In recent years, trucking companies have become more conscious of the costs of fuel consumed by their vehicles, particularly those trucks—which are very often referred to as tractors—whose purpose is to tow a trailer or trailers along the roadway, and especially at high speeds along a highway. While the manufacturers of such trucks are doing their best to improve efficiencies by making their truck designs more aerodynamic, and making their engines more fuel efficient, the fact remains that significant aerodynamic losses occur as a result of trailer design, especially at high speed. The current trailer designs create drag on the trailer due to wind resistance as the trailer moves. Even if the engine and the aerodynamic design of the trucks is improved, there still remains the problem of reducing the drag created by the trailer, so as to thereby increase the fuel efficiency of the towing truck.
Moreover, federal and state authorities in the United States and Canada are increasingly tightening the restrictions as they apply to the trucking industry, requiring more fuel efficiency so as to reduce carbon and greenhouse gas emissions from the trucks. Indeed, the California Air Resources Board has mandated that trailers must manifest lower drag coefficients so as to reduce carbon and greenhouse gas emissions in that state. Other states and provinces will undoubtedly follow suit, although the specific mandated reduction in drag may vary among those various authorities. Thus, even a reduction of drag of, say, 2%, may be acceptable in some states and provinces; whereas other states and provinces, such as California, may require a reduction of drag in the range of 2, 5, or 10%, or more.
One common approach to reduction of drag by trailers has been to fit or retrofit the trailers with fairings mounted along each side. Such fitment or retrofit may, however, be labour intensive as well as requiring considerable expenditure of capital money. Such expenses may be significant to any trucking company or a company which owns and rents trailers, even if the company's trailer inventory is only a few trailers, or possibly several thousand trailers.
Moreover, the fitment of fairings along both sides of a trailer may inhibit the opportunity of the trailer operator to move the wheel set or wheel sets on which the trailer moves. Depending on its intended use and load factors of the trailer, a wheel set may be moved more forwardly or backwardly along the bottom of the trailer for such purposes as balancing the load as well as to accomplish more efficient loading factors on the wheel sets.
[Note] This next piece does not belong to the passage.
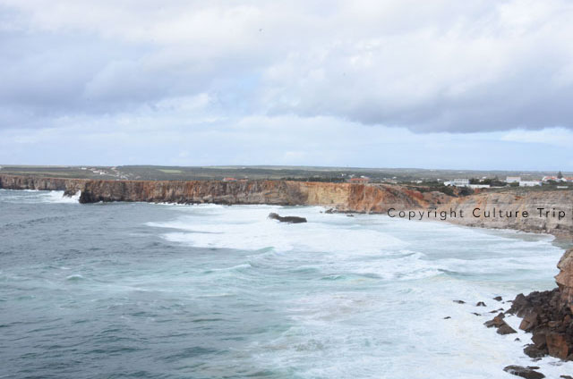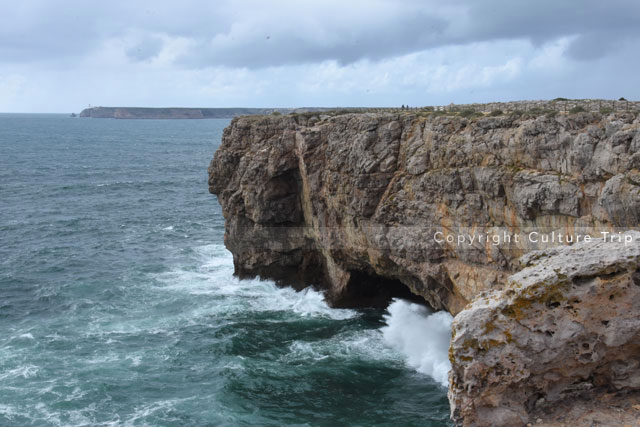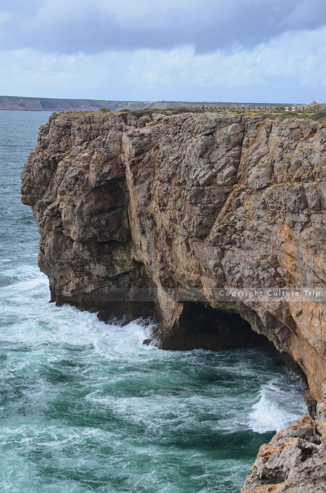 Les vagues vigoureuses de l'Atlantique viennent s'écraser sur ses hautes falaises qui peuvent atteindre la hauteur de 80 mètres. La force du vent empêche la croissance végétale et donne cet aspect désertique et sauvage qui fait le charme du cap Saint-Vincent.

The present inventors have unexpectedly discovered that rather than placing fairings along each side of a trailer, the fitment of a drag reduction plate along at least a portion of the length of the trailer forward of the trailers rear wheel set, where the drag reduction plate depends vertically downwardly from the bottom of the trailer, will reduce drag on the trailer. Of course, it is accepted that such installation to a trailer may not affect the same fuel efficiencies as will the fitment of fairings to a trailer, but does, in any event, result in higher fuel efficiencies which may be attained with lower capital cost, lower labour cost, and in faster time. Such an arrangement is most often acceptable to trucking company officials as well as to regulatory officials at the state or provincial levels.
As such, the present inventors have found that the provision of drag reduction plates, as well as other drag reduction structures, may be provided by what is essentially one or more plate-like structures, to the lower surfaces of a trailer. The plate, or plates, may be made of a rigid or semi-rigid material such as steel or aluminum, but more preferably is made of a rigid or semi-rigid material such as a reinforced plastic or fiberglass or composite structure having lower cost and lower weight than a similar steel structure.